Ainsi chaque jour, elle se fait conduire par ses esclaves sur la terrasse et là, devant le beau matin pourpré, elle offre à la nature entière l’hommage de son incoercible désir. Magnifique proie ! Divinité effrayante de nos ardeurs jamais éteintes ! Symbole adorable de la passion qui est la jeunesse sacrée des choses et des êtres ou bien renaissance douloureuse des coeurs qui se reprennent à la chimère d’aimer !

Jamais le destin ne s’était préparé une victime plus parfaite, plus expiatoire des péchés terrestres. Jamais pâte humaine n’allait devenir, par la douleur, un joyau plus finement ciselé.

C’est en esprit et en âme qu’il la faut vénérer. Il ne suffirait pas qu’un Racine l’ait chantée, nous en ait, dans un drame immortel, raconté la prodigieuse histoire.

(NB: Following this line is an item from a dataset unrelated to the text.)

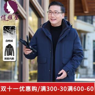 Chaqueta de plumón de pato blanco con capucha para hombre de mediana edad de 50 años, chaqueta de plumón de abuelo con forro desmontable, abrigo de papá

Cette Reine peut satisfaire à la fois l’esprit et le cœur : car, imaginée de toutes pièces, œuvre de raison pure, elle solliciterait l’adhésion de l’intelligence à l’égal de la Joconde du Vinci. Si elle manque de sérénité railleuse, de cette félinité indicible, apanage de la Dame de Florence, c’est qu’elle est jetée dans le courant humain et devient l’âme essentielle d’un drame. Sans voix, sans manifestation verbale de son émotivité, elle rentrerait dans la catégorie des types purs, dépouillés de matière.

Heureusement elle parle et s’exprime entièrement : son secret nous est livré par ses paroles, et contrairement à l’élue du peintre, la bouche et le regard ne se fleurissent pas seuls de confessions. Phèdre éclate en aveux et c’est à l’âme et aux sens qu’ils vont frapper. O Elle brûle, en rêvant, de toute l’âpreté et de tout l’exclusivisme de la sensation. Maîtresse absolue de l’homme qu’elle désire, elle ne le posséderait pas davantage : elle le tient prisonnier dans les mailles de son être ; elle le couve de sa passion. Vienne l’heure de l’union complète, les verbes adorateurs se marieraient aux effervescences de la convoitise avec une égale intensité !

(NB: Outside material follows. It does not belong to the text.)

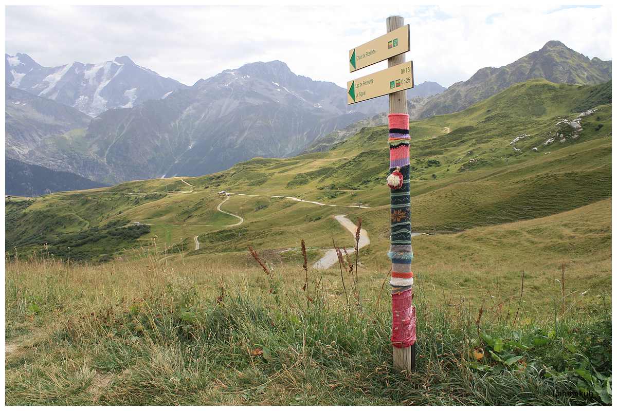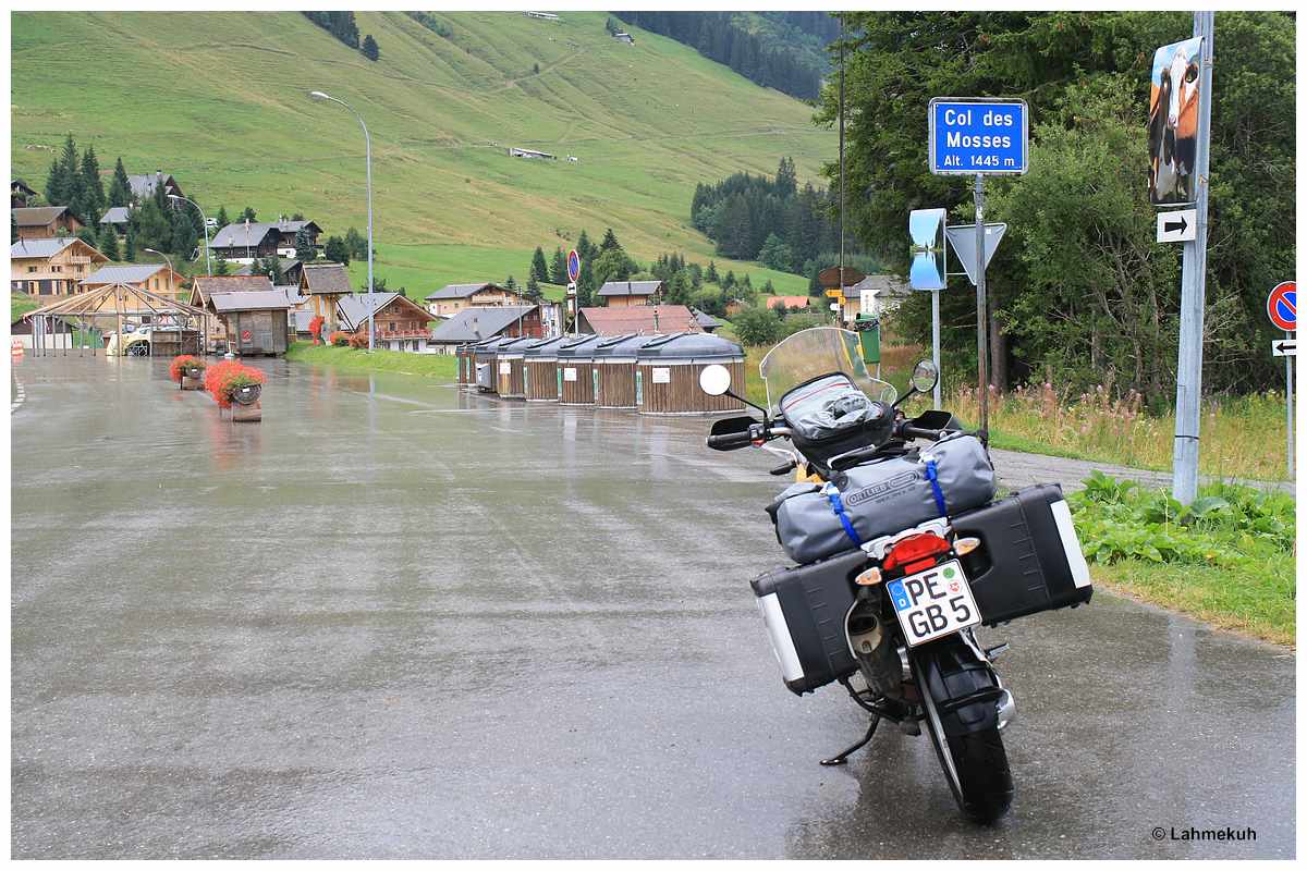 Ich akzeptiere die Sperrung und kehre zurück auf die heutige Route, auf der ich geraume Zeit noch mit mäßigem Wetter begleitet werde. Dennoch schaffe ich es, die langsam vorbeiziehende Umgebung zu genießen. Sowohl auf dem Colombière als auch auf dem Saises komme ich mit anderen Bikern in nette Gespräche. Die beiden Schweizer vom Colombière auf ihren amerikanischen Schwereisen werde ich im Laufe des Tages noch zwei weitere Male treffen. Man fährt halt irgendwie dieselben Straßen, wen wundert es?

Si elle rêve, c’est qu’alors elle subtilise l’image du héros. Elle en vit et en meurt. Les éléments, la nuit, le jour servent ses appétits d’aimer. L’air respiré lui semble un breuvage composé du sang de cet homme, et le soleil un globe de chaleur lumineuse qui, lui rappelant son origine, fait courir en ses veines un feu inextinguible. Troublée, visionnaire, elle écarte les êtres qui l’entourent comme pour accueillir le dieu qui ne vient pas, et, à son défaut, l’apparition souhaitée, plus encore, et jusqu’à la forme de cette épée dont elle aurait voulu mourir parce qu’elle appartenait au maître adoré.

Tendue, ramassée en un spasme, elle devient violette de volupté, d’une volupté qui parvient à se taire, gronde et s’écoule en nappes intérieures. Sous des voiles, son corps fléchit et s’abîme. Elle frissonne d’un baiser que son imagination délirante a créé un instant, mais que la réalité lui arrache ainsi qu’un ombre folle, dissipée par une raison qui se repossède. Quel mariage que ces sens tumultueux avec l’intelligence ironique, et quelle puissance de s’accabler ! Aux heures où les préjugés s’effacent et tombent, quelle ivresse de s’abandonner aux divines emprises du sentiment !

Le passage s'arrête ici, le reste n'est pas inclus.